_MATERIAL PROVIDED_.
########
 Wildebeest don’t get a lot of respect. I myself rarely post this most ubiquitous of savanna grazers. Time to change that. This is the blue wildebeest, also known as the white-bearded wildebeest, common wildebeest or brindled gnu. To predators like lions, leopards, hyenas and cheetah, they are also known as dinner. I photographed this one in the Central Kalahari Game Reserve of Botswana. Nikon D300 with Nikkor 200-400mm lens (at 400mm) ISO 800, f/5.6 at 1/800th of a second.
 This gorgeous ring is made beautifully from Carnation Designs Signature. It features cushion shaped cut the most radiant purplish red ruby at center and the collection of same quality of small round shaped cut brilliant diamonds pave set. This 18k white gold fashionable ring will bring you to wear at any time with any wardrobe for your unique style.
########
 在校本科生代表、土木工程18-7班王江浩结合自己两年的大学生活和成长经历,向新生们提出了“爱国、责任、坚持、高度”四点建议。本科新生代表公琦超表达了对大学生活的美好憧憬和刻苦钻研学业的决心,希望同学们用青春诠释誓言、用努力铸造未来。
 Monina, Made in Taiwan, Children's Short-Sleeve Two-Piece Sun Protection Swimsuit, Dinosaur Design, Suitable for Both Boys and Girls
########
_TO DO_.
Look above for the line with "在校本科生代表、土木工程18" and the line with "Monina, Made in", and reproduce exactly those two lines plus every line between, nothing more.

_OUTPUT BELOW_.
 在校本科生代表、土木工程18-7班王江浩结合自己两年的大学生活和成长经历,向新生们提出了“爱国、责任、坚持、高度”四点建议。本科新生代表公琦超表达了对大学生活的美好憧憬和刻苦钻研学业的决心,希望同学们用青春诠释誓言、用努力铸造未来。
 Monina, Made in Taiwan, Children's Short-Sleeve Two-Piece Sun Protection Swimsuit, Dinosaur Design, Suitable for Both Boys and Girls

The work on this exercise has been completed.